Mérida, Yucatán, a 06 de diciembre de 2010.- México posee una de las estadísticas más nefastas en el mundo, ya que sólo se lee un promedio de 1.5 libros por habitante, lo que hace que el nivel cultural esté más abajo que el suelo, sin embargo, es difícil aseverar que seamos un pueblo que abandonó la lectura, puesto que mensualmente se editan más de 50 títulos de novelas gráficas que se agotan en los expendios de revistas.

Sensacional de barrios, de policías, de traileros, de prostitutas, Lágrimas del Corazón, el Libro Vaquero, el Libro Policiaco, son sólo algunos ejemplos de lo que esa literatura chatarra representa en nuestra cultura, ya que las historias son devoradas por ávidos lectores que alternan el morbo visual con la narrativa simple que caracteriza esas publicaciones.

Información oficial indica que mensualmente circulan más de 40 millones de las referidas novelitas, lo que hace que cerca de la mitad de la población total del país tenga acceso a ese tipo de lectura.

Alejadas de la estética del “cómic” anglosajón, todos estos cuadernillos mexicanos poseen características muy peculiares que los hacen atractivos para algunos sectores sociales, sobre todo los de escasa educación y, por ende, bajos ingresos.

El catálogo de títulos deja entrever una alta especialización en la temática, la cual parece explorar nichos de mercado muy específicos, que van desde los albañiles, los taxistas, las sirvientas, y demás ocupaciones no profesionales, mismas que constituyen la estrategia de supervivencia del pobre.

Mediante dibujos que exageran las proporciones femeninas, que acentúan los estereotipos del bueno y el malo, y recrean atmósferas idealizadas, las historias se estructuran con un lenguaje simple, populachero, pero que, contrario a ello, se pretende culto y apegado a las formas gramaticales correctas.

Así como las telenovelas cumplen una función moralizadora de la sociedad, la publicación periódica de estos libelos ilustrados remarca los juicios de valor que, supuestamente, deben guiar a las personas.

Mediante casos arquetípicos que juegan con las concepciones del bien y el mal, el desarrollo de los argumentos presenta escenas en las que los pobres (es decir, los buenos) desafían obstáculos para superar su condición, o, en su defecto, las consecuencias que sus actos pueden tener cuando pretenden ascender socialmente al margen de la ley.

Añadido a lo anterior, cabe destacar el alto contenido sexual de las historias, que, valiéndose del elemento gráfico, apelan a los más elementales instintos del lector, de tal manera que le proporcionan un estímulo básico, engendrado en las pasiones, lo que hace de gancho para el éxito comercial.

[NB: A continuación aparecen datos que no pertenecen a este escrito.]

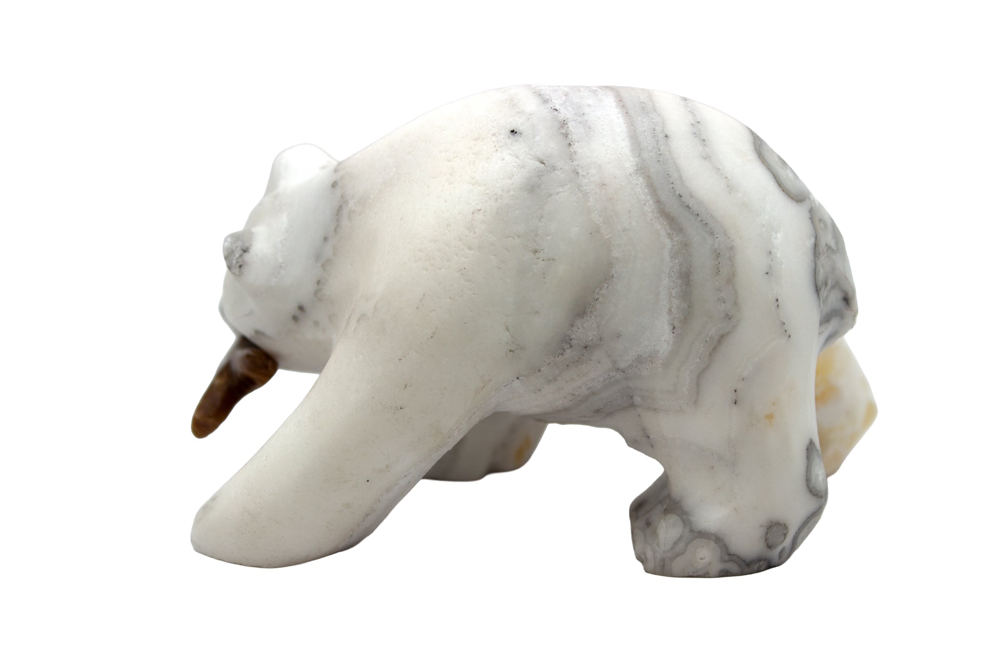 Pakistani onyx, the bands formed by the deposition of calcite saturated with iron. The iron oxidizes into reddish bands while the reduced iron creates green or whitish banding. This piece is polished into a bear shape, with a fish in its mouth.

Mientras las ediciones de contenido literario serio apenas alcanzan tirajes de mil ejemplares, o 400 mil cuando se trata de un “best seller”, es decir, menos del uno por ciento de los mexicanos, la lectura de Sensacional de Barrios llega a cifras cercanas al millón cada mes, lo que lleva a cuestionar seriamente la calidad de la lectura, no la cantidad. Porque en México, leemos de forma sensacional.